Quali reazioni ha avuto il pubblico vedendo Sun&Sea?

È difficile immaginare cosa accade nella mente del pubblico. Quando l'abbiamo presentato a Venezia, abbiamo visto molte persone uscire in lacrime. Questo lavoro riflette sulla nostra incapacità di concepire la catastrofe climatica. I corpi stanchi umani riflettono il corpo stanco della Terra. Durante la performance tutta la spiaggia si rende conto dell'acidificazione dell'Oceano, dell'ansia del global warming o delle buste di plastica che galleggiano in acqua.

L’opera si chiama Sun&Sea. Però non c’è né sole né mare. È tutto artificiale.

Ricordo che a marzo del 2020, mentre la pandemia era acuta e si sentivano notizie drammatiche in Italia, avevamo portato lo spettacolo a Bergen, dove gli attori italiani non potevano venire. Lì mi sono resa conto dell'artificialità della messinscena, che portiamo il fuori dentro. Trasformiamo tutte le nostre esperienze in esperienze interne. Mi piace pensare a questo lavoro come un’opera che assorbe e contagia gli spazi in cui si svolge. 

L’opera-performance riflette sul global warming. Ma cosa rispondi a chi critica che c’è un importante costo nel trasportare la sabbia?

Il budget è grande rispetto a performance di arti visive, ma non rispetto a uno spettacolo di danza. La domanda ci porta a riflettere sulla responsabilità. Noi, essendo vivi, partecipando al riscaldamento globale. Siamo responsabili senza essere colpevoli. È impossibile uscire dal senso di responsabilità. Per questo a Venezia abbiamo cercato di lavorare sul territorio. Abbiamo fatto fare lo screen printing del catalogo alla cooperativa dei carcerati della prigione di Venezia e abbiamo lavorato con la città di Venezia per trasportare la sabbia in varie aree giochi per bambini. Curare la terra dove uno cammina è un lavoro che si può fare anche durante gli spettacoli.
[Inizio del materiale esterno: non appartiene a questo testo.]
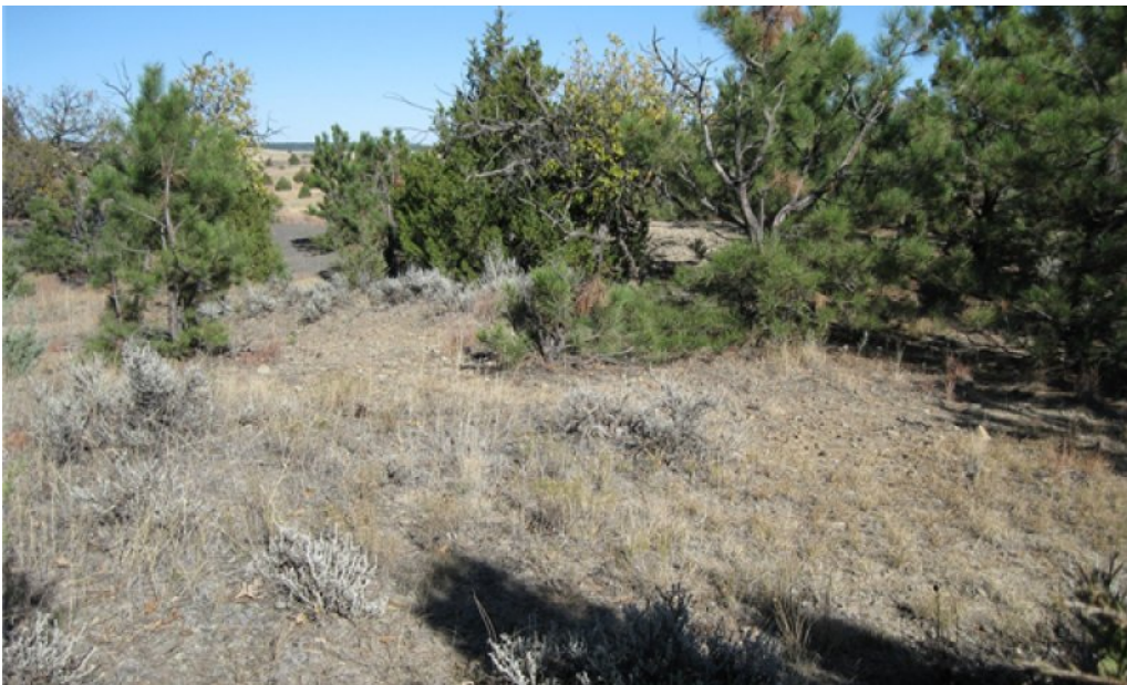
Figure 20. Shallow Porous Clay - PCP 2.2

This Plant Community (PC) is most common in the southern portion of the MLRA where bur oak is uncommon or does not occur, or when pine and/or juniper become the dominant trees in PC 2.1. This plant community is the result of encroachment of ponderosa pine and/or juniper from adjacent plant communities. Ponderosa pine and juniper dominate this Plant Community Phase (PCP). Vegetation consists of about 50 to 75 percent grasses and grass-like plants, 5 to 20 percent forbs, and 5 to 30 percent woody plants. The dominant grasses and grass-likes include little bluestem and sedges. Significant forbs include prairie coneflower, purple prairie clover, and goldenpea. Leadplant, rose, and Wyoming big sage has decreased, but is still present. Considerable bare ground may be present under the tree canopy. Where severe erosion has created clay dunes or gullies,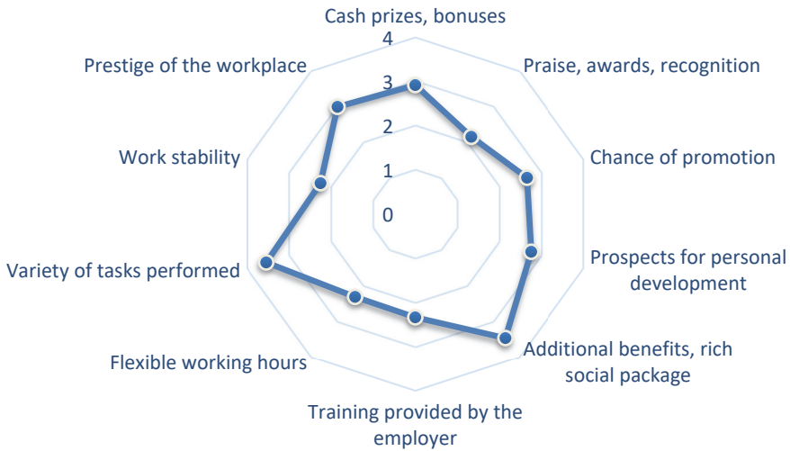
Figure 1. Aggregate result of the average assessment of the motivational potential of work of motivational factors

in the examined company, or the development of a completely new one, which will include activities concerning, among others, anti-harassment policy, and will also specify support in the event of tasks too difficult for employees to perform. In the area of motivators, criteria of praise, awards or other expressions of appreciation by superiors towards employees will be extracted, but also a professional improvement plan and work schedule ensuring the ability to perform tasks will be defined; a clear personnel policy creating a sense of employment stability is not without significance.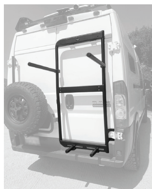
Box & Bike Rack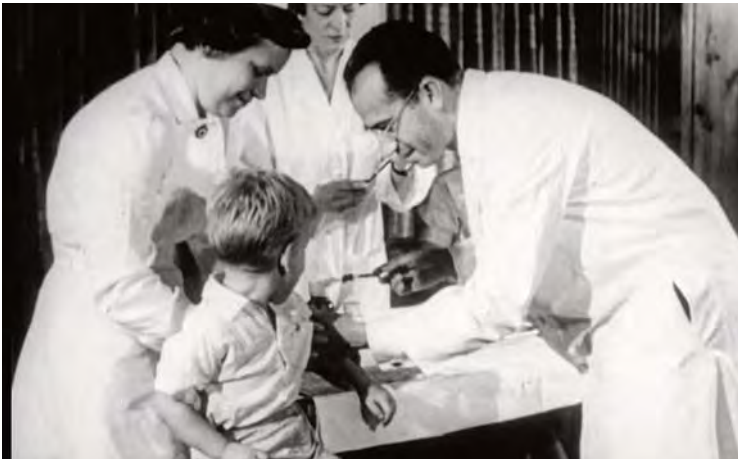
Thought to be a disease of the past, polio has re-emerged after being virtually eradicated thirty years ago.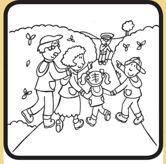
If the trail is busy, please avoid being in large groups across the trail

Use your bell or call out 'bike' to warn people of your approach and pass people slowly when it is safe to do so. Be aware that horses can be spooked by bikes.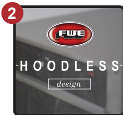
Designed To Not Require A Hood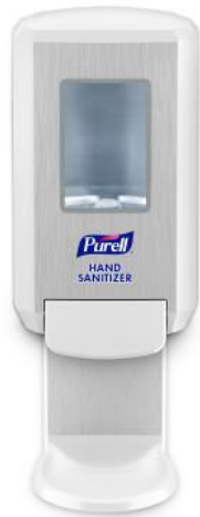
White Staples # 24358187

Questo spettacolo permette anche di rispettare le norme di distanziamento.

Questo è un aspetto che dà valore al teatro di Roma che ci è riuscito ad invitare. Anche se l'invito era arrivato prima della pandemia. Ma l'avremmo presentato lo stesso e, molto probabilmente, nello stesso modo. La pandemia ha inciso, però, molto sulla tournée. 

Ogni colore e situazione sembra abbinata durante l’opera-performance.
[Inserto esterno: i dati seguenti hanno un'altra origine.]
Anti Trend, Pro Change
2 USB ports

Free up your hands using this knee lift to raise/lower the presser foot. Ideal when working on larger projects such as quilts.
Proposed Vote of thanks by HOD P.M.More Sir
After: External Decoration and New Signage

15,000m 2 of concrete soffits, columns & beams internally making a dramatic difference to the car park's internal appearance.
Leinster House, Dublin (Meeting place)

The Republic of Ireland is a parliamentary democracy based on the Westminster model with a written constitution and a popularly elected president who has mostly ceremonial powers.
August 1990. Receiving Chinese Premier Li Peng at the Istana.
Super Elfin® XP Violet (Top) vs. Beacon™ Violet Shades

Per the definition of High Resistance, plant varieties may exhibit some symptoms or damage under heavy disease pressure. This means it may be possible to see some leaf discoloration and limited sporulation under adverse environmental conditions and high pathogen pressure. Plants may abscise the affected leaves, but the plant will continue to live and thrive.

Questo lavoro è il prodotto di una collaborazione di tre artiste che operano in settori diversi. Lina Lapelytė, regista di film di teatro, Vaiva Grainytė, poetessa e scrittrice, Rugilė Barzdžiukaitė, artista visiva. Rugilė ha una certa estetica specifica come regista. Per lei era importante mantenere una uniformità di toni, soprattutto nei costumi e negli asciugamani, a cui lei porta moltissima attenzione. Dal punto di vista della relazione tra gli individui, i personaggi sono stati scritti e adattati durante il casting. Vaiva ci ha raccontato che, durante il periodo di casting, cercavano famiglie che cantassero insieme. E sono arrivate queste due gemelle con una voce particolare, molto gutturale, adatta al pubblico. E, in quello stesso periodo, le artiste discutevano delle protesi coralline stampate in 3D. Allora a Vaiva è venuto in mente, incontrando quelle due gemelle, che una era stata stampata in 3D. Da lì nasce la canzone 3D Sister Song in cui la madre di una delle due dimentica di spengere la stampante che così ne stampa un'altra. È una canzone sulla follia della soluzione tecnologica.

Anche una spiaggia non è replicabile, però voi riuscite a portarla ovunque. C’è già una riflessione dell’impossibilità di ricreare tutto nello spettacolo stesso?  

C'è sicuramente un aspetto assurdo e straniante nell'artificialità della messinscena. Nella giustapposizione di quello che ci appare come una giornata qualunque, come una giornata in spiaggia, e l'artificialità di portare la spiaggia in uno spazio interno.